Importance of Financial Sector Development

There are ample evidence suggesting that financial sector development plays a significant role in economic development. It promotes economic growth through capital accumulation and technological advancement by boosting savings rate, delivering information about investment, optimizing the allocation of capital, mobilizing and pooling savings, and facilitating and encouraging foreign capital inflows.[4] A meta-analysis of 67 empirical studies finds that financial development is robustly associated with economic growth.[5]

Countries with better-developed financial systems tend to enjoy a sustained period of growth, and studies confirm the causal link between the two: financial development is not simply a result of economic growth; it is also the driver for growth.[6]

Additionally, it reduces poverty and inequality by enabling and broadening access for the poor and vulnerable groups, facilitating risk management by reducing their vulnerability to shocks, and raising investment and productivity that generates higher income.[7]

Financial sector development also assists the growth of small and medium-sized enterprises (SMEs) by giving them with access to finance. SMEs are typically labor-intensive and create more jobs than large firms, which contributes significantly to economic development in emerging economies.

Additionally, financial sector development also entails establishing robust financial policies and regulatory framework. The absence of adequate financial sector policies could have disastrous outcome, as illustrated by the global financial crisis. Financial sector development has heavy implication on economic development‐‐both when it functions and malfunctions.[8]

The crisis has challenged conventional thinking in financial sector policies and sparked debate on how best to achieve sustainable development. To effectively reassess and re-implement financial policies, publications such as Global Financial Development Report (GFDR) by the World Bank and Global Financial Stability Report (GFSR) by the IMF can play an important role.

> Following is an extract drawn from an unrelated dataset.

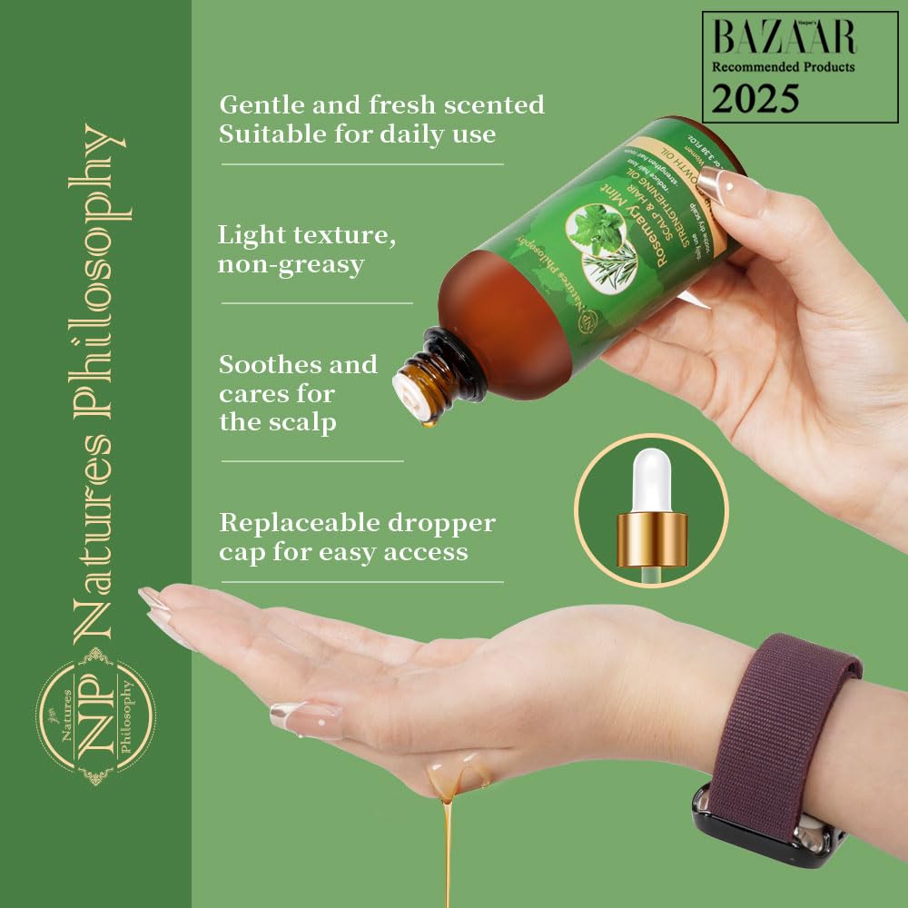 NP NATURES PHILOSOPHY Rosemary Oil for Hair Growth, Hair Growth Oil 3.38 fl oz, Anti-Hair Loss, Quickly Absorbed & Non-Greasy, Aussie Organic Hair Serum for All Hair Types, for Men and Women
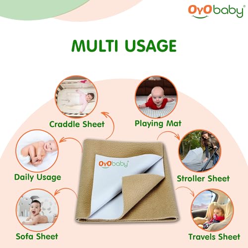 OYO BABY Waterproof Quick Dry Sheet for Baby| Bed Pad | Baby Bed Protector Sheet for Toddler Children (Small (50cm x 70cm), Beige), Polycotton

The Global Financial Development Report, a new initiative by the World Bank, highlights issues that have come to the forefront after the crisis and presents policy recommendation to strengthen systems and avoid similar crisis in the future. By gathering data and knowledge on financial development around the world, the GFDR report aims to put into spotlight issues of financial development and hopes to present analysis and expert views on current policy issues.

In Malaysia, the Asian Institute of Finance was established by Bank Negara Malaysia and Securities Commission Malaysia to develop human capital in the financial services industry.

Theories of Financial Sector Development

Acemoglu, Johnson and Robinson emphasize the importance of the distribution of political power in shaping the differing paths of financial sector development in the United States and Mexico in the 19th and early 20th century.[9] They note that in the United States banking and financial services grew rapidly because American politicians did not have the power to create monopolies in the banking sector that they could appropriate rents from. The federal nature of the US political system meant that states ended up competing with each other to attract inward investment. This in turn, made the restriction of competition in the banking sector untenable. In Mexico, on the other hand, power was centralized in the hands of Porfirio Díaz, the dictator who came to power in 1910. Suffrage was highly restricted and there were no competing federal states which meant that political power was not widely spread. As a result, "the central government granted monopoly rights to banks" [9] which enabled them to "raise revenue and redistribute rents to political supporters."[9] Only businesses with close personal connections to the banks and the politicians were able to gain access to finance which hindered the development of arms length finance.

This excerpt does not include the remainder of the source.